New England Trust Co. v. Sanger

149 N.E.2d 598, 337 Mass. 342, 1958 Mass. LEXIS 664
CourtMassachusetts Supreme Judicial Court
DecidedApril 11, 1958
StatusPublished
Cited by21 cases

This text of 149 N.E.2d 598 (New England Trust Co. v. Sanger) is published on Counsel Stack Legal Research, covering Massachusetts Supreme Judicial Court primary law. Counsel Stack provides free access to over 12 million legal documents including statutes, case law, regulations, and constitutions.

Bluebook
New England Trust Co. v. Sanger, 149 N.E.2d 598, 337 Mass. 342, 1958 Mass. LEXIS 664 (Mass. 1958).

Opinion

Spalding, J.

These are appeals from a decree of the Probate Court entered on a petition for instructions. The petition was brought by The New England Trust Company, as trustee under an indenture of trust of Sabin P. Sanger, dated February 18, 1913 (hereinafter called the 1913 inden *344 turc), and as trustee under a declaration of trust of Sabin P. Sanger, dated April 29, 1930 (hereinafter called the 1930 declaration). The trustee sought instructions as to the distribution of the income and principal of these two trusts.

In the 1913 indenture Sabin P. Sanger, the settlor, declared that he held certain securities in trust. 1 Under article First, the income was to be accumulated during, the life of Dr.

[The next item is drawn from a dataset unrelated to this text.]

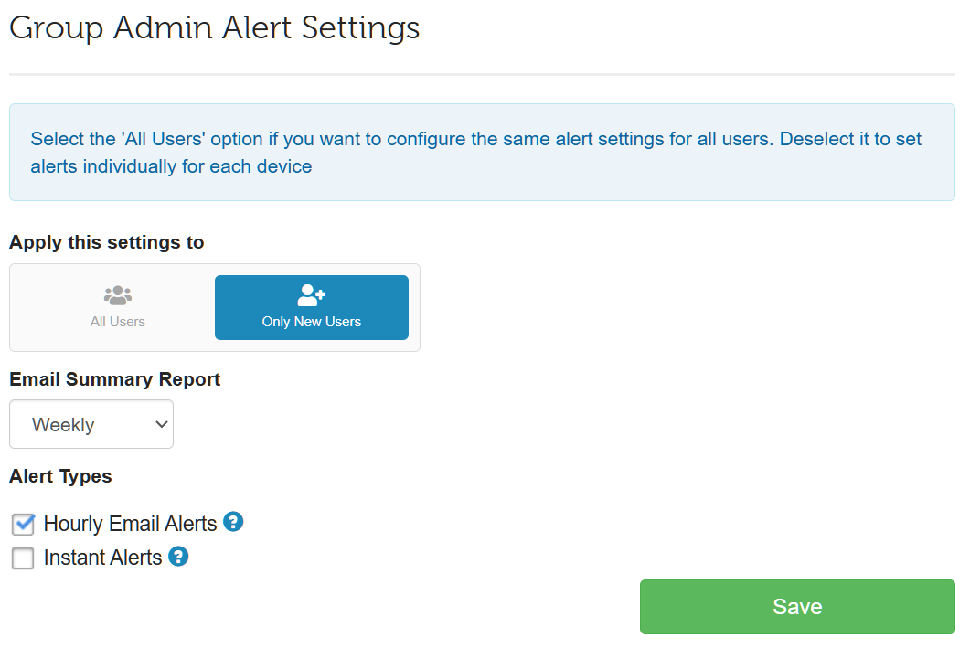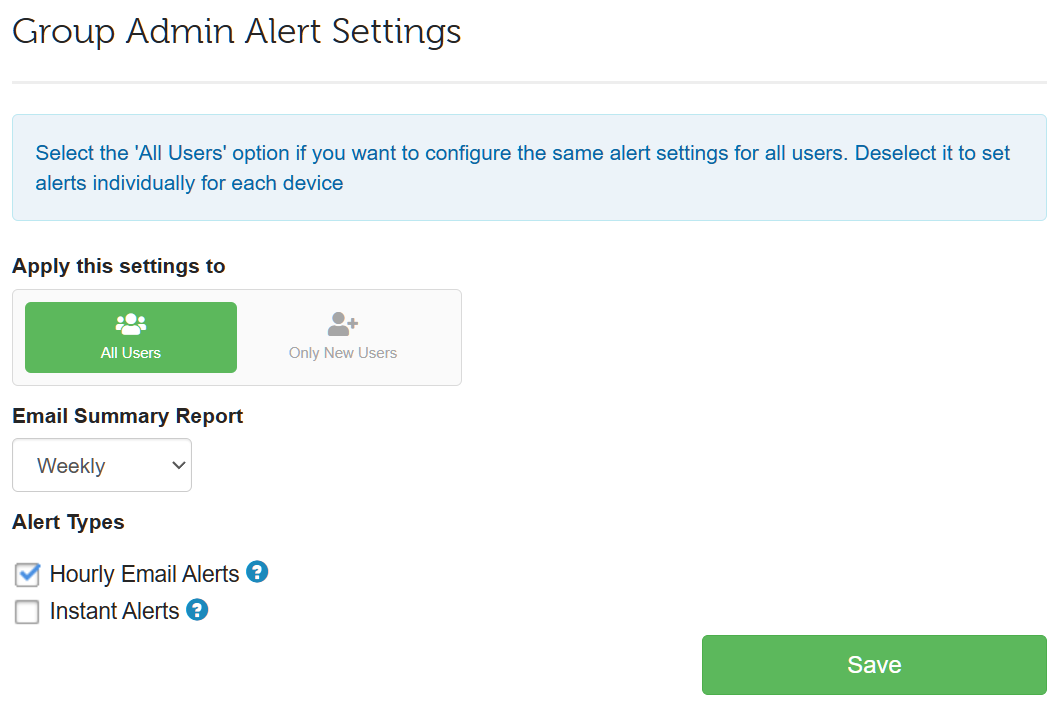 While logged into your admin profile, you can only determine the alerts that you receive. Currently, each group member (including other admins) is responsible for adjusting their own Alert Settings.
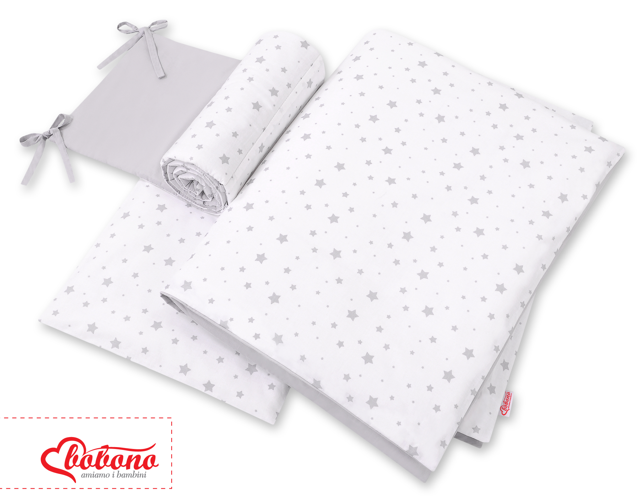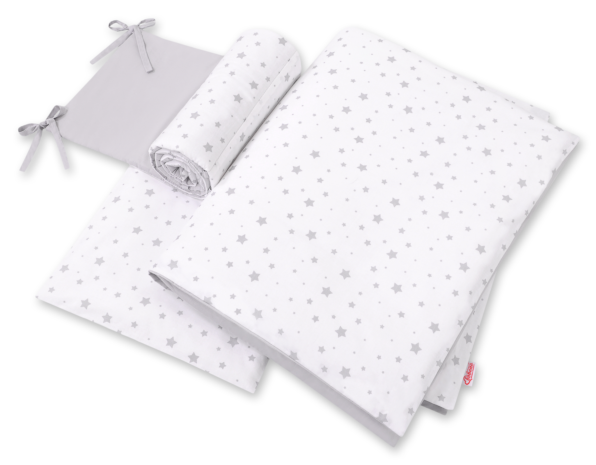 Stubenwagen » Bettwäsche für Babys » Bettwäsche für Babybett FUN & JOY » Bettwäsche Sets für Babybett 120cm » Bettwäsche Set 3-tlg » Bettwäsche Set für Babybett 3-tlg - doppelseitig - Mini Sternchen grau/grau

Eugene B. Sanger (a brother of the settlor and hereinafter called Dr. Sanger) with a power in the trustee to pay to Dr. Sanger such portions of the income as the trustee in its uncontrolled discretion might deem proper. No question is here presented concerning Dr. Sanger’s interest. The questions for decision arise out of the second and third articles, which are as follows: “Second: At the death of said Eugene B. Sanger said trustee shall pay said net income to the then surviving children of said Eugene B. Sanger in equal shares to each, the issue of any deceased child taking its parent’s share of said income by right of representation. Third: At the death of the last surviving child of said Eugene B. Sanger the principal of said trust fund, with any accumulations thereto, free of all trust, shall be equally divided amongst the issue of the children of said Eugene B. Sanger, per stirpes and not per capita.” The trust was irrevocable and there was no power to amend contained in the indenture.

In the course of time it became apparent to the settlor that certain provisions of the 1913 indenture might be repugnant to the rule against perpetuities. To remedy this defect the settlor executed the 1930 declaration. In this instrument the settlor, after reciting that doubts had arisen concerning the validity of certain gifts in the 1913 indenture, because of remoteness, provided as follows: “Now, therefore, in case any provision ... [of the 1913 indenture] should be declared to be invalid and because of such invalidity any income or principal of the trust should revert *345 in part or in whole to me or to my estate, I . . . declare that I hold in trust and shall be deemed to have held in trust from the date of this instrument, the properties thereby reverting, to pay over the net income accruing therefrom to the now living children of said Eugene B. Sanger and to their issue by right of representation until the death of the last survivor of the said children now living and thereupon to pay over the principal of the trust fund free of trust to the then living issue of such children by right of representation.” The petition alleges that Dr. Sanger and two of his children were notified of the execution of this declaration prior to the settlor’s death, but this allegation is denied by several of the respondents and the judge made no finding touching the matter, being of opinion that notice to the beneficiaries was not essential to its validity.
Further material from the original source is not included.